29 juin 2011

Huit ans moins quelques jours

Il y avait huit invitées pour les huit ans de Marie - anticipés d'un mois. Sept sont venues - Alice, Anastasia, Aurélie, Eline, Linda M, Linda et Elyne - dimanche dernier pour les fêter pendant que dans une villa de la commune voisine, Lisa, elle, fêtait les quatre ans de Lou, une camarade de classe. Ce même dimanche, dans l'après-midi, dieda et mamie faisaient escale chez nous sur la route d'Ancône d'où ils prendraient le ferry pour la Grèce. Ils sont arrivés juste avant que nous réunissions tout ce petit monde virevoltant autour de la table pour le gâteau d'anniversaire. Elles ont chanté "joyeux anniveraire" en pas moins de sept langues, le Français, le Russe, l'Italien, l'Espagnol, l'Allemand, l'Anglais et le Chinois. Pour chacune de ces langues, il y avait au moins l'une d'entre elles qui la parlait. Mamie y a ajouté le Grec.

J'avais préparé une chasse au trésor. Toutes y ont participé, sauf Marie, boudeuse comme souvent lorsqu'elle doit se rendre à l'évidence que ses copines peuvent s'amuser sans elle. Le trésor était dans le coffre de la voiture: tout un outillage pour faire des bulles, les découper à grands coups de ciseaux, les faire flotter dans l'air.

Un jour, Lisa n'a pas voulu me dire bonjour. Le lendemain, ayant retenu la leçon - nous l'avions longuement sermonnée -, elle a insisté pour que j'aille m'asseoir dans le fauteuil en bas des escaliers, là même où je me trouvais quand la veille elle avait refusé de me dire bonjour.

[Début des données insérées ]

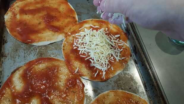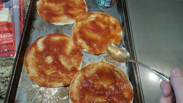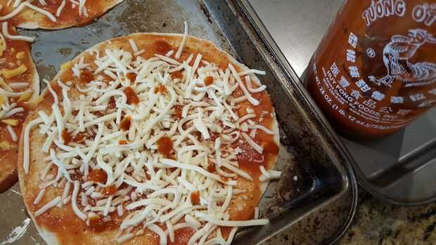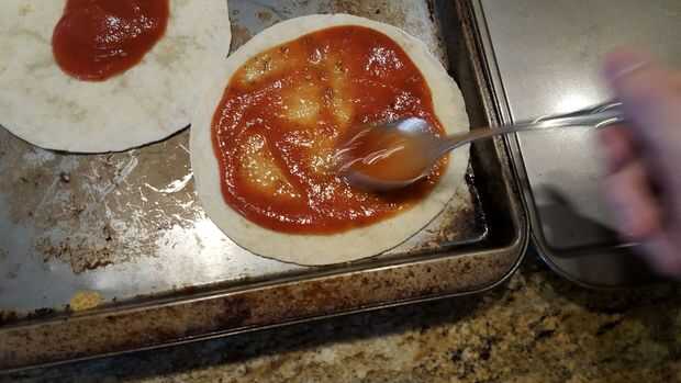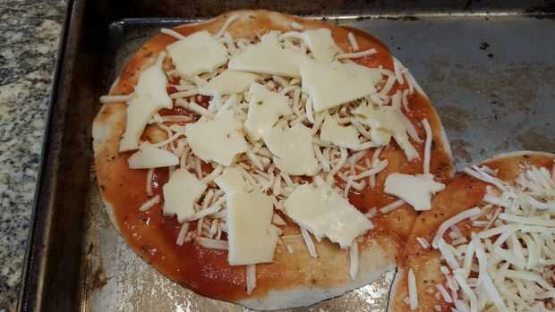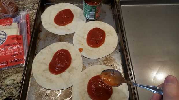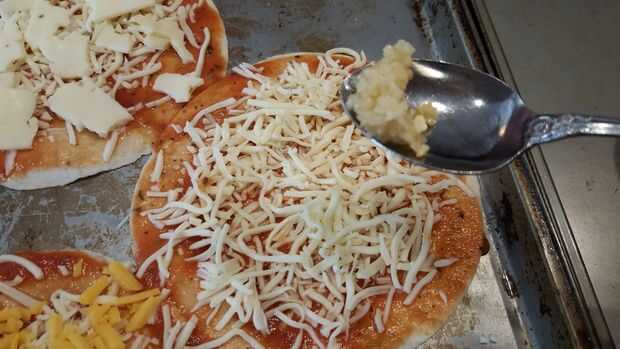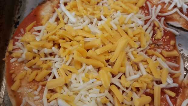 Si tienes estas tortillas de taco pequeño, use 2-3 cucharadas de la salsa y repartidos por toda la superficie. Luego agarra un puño lleno de queso y espolvorea uniformemente sobre la pizza. El ajo es totalmente innecesario pero quería algunos.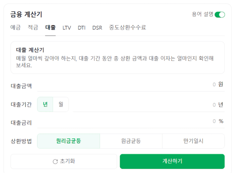 네이버의 대출 계산기를 활용해도 좋습니다.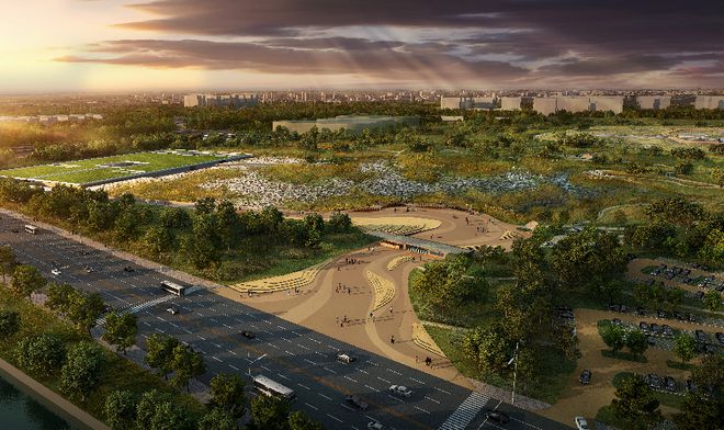 博物馆整体为下沉式“折叠时空”的建筑设计,层高超过8米,杏彩体育登录屋顶将和地面齐平。这样的设计既可以使博物馆整体外观与遗址公园地面融为一体,也可以保护距今7000年的仰韶文化遗址。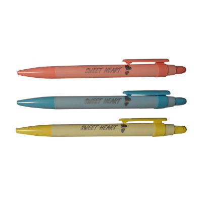 De pennen zitten per 3 verpakt in een plastic verpakking.Op de pennen staat de tekst SWEET HEART.Afmeting pen: hoogte: 14 cm x doorsnee: 1 cm.Gewicht: 24 gram.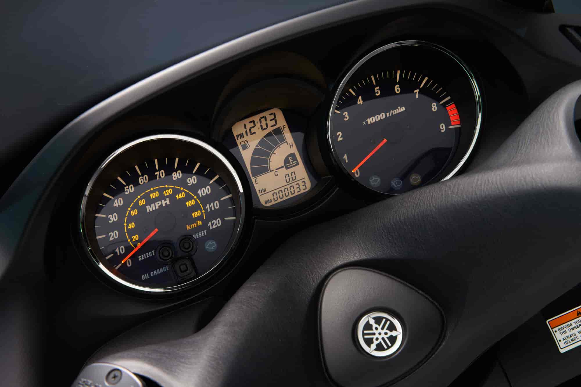 •Instrumentation includes analog tachometer and speedometer with digital odometer, dual tripmeters, fuel tripmeter, fuel gauge, outside air temperature and coolant temperature. The instrumentation also includes a V-belt wear indicator light and an oil change indicator light.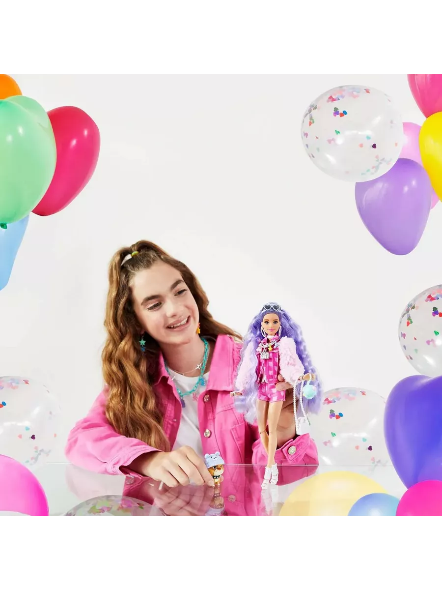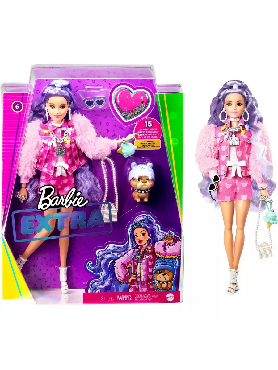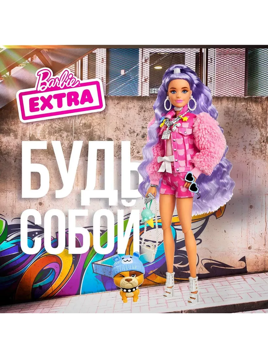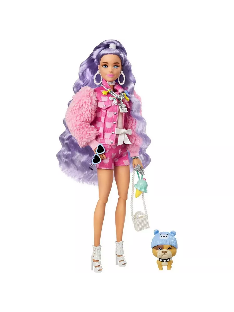 Куклы Барби “Экстра” – воплощение смелых образов в сочетании с яркими цветами! Эта кукла с сиреневыми волосами отличается уникальным стилем, который позволяет ей всегда быть на высоте. Розовый наряд с короткими шортами, кокетливая прическа и маленький щенок, полный обаяния и харизмы, сделают Барби звездой любой вечеринки. Блестки, море аксессуаров и необычные волосы – каждая деталь создает особую атмосферу везде, где бы вы ни оказались вместе с любимой куклой!

Sur le moment, je ne comprenais pas mais j'ai fini tout de même par m'y mettre. Alors seulement, elle m'a salué d'un "bonjour" sonore et enjoué. Un peu comme si elle me disait: si tu tiens tant à faire des manières et des cérémonies, alors faisons les choses bien ! Les enfants ont-ils le sens de la dérision ? Etre adulte, c'est être dressé, au propre comme au figuré, un "grand" comme disent les enfants, juché sur son postérieur, monté sur les grands chevaux de la responsabilité. Si l'humour est la politesse du désespoir, la politesse a bien peu d'humour. Et l'humour des Français est un humour vachard, un humour aux-dépens-de, comme si la politesse n'était qu'un dédommagement.





Nos voisins pressent le syndic de me presser de couper la haie qui sépare notre jardin du leur. Ils voudraient que sa hauteur soit ramenée de deux mètres soixante-dix mètres à deux mètres. Le syndic qui passe l'essentiel de son temps à expédier des lettres recommandées me conseille de me retourner vers le propriétaire et en tout bien tout honneur, de lui expédier une lettre recommandée lui enjoignant de payer la note, photos de la haie incriminée à l'appui. Depuis que nous habitons ici, les contacts avec le voisinage se sont limités à des échanges de recommandés: vous ne pouvez pas tondre la pelouse le dimanche, votre haie n'est pas à la hauteur réglementaire (le Code civil, me dit-on, traite de la question; en effet, l'article 673 y consacre quelques alinéas), les cartons encombrants ne peuvent être mis à la poubelle, ils doivent être transportés à la déchetterie (point qui me fut notifié par billet anonyme glissé sous l'essui-glace). Je ne sais pas si les peuples ont des traits communs qui les soudent ensemble ou qui permettent de les rassembler sous la même étiquette ainsi qu'une série de d'épithètes bien tranchées. Si cela est, alors les Français que je retrouve après des années d'exil me paraissent bien mesquins, méfiants, tâtillons, tracassiers, procéduriers, pontifiants.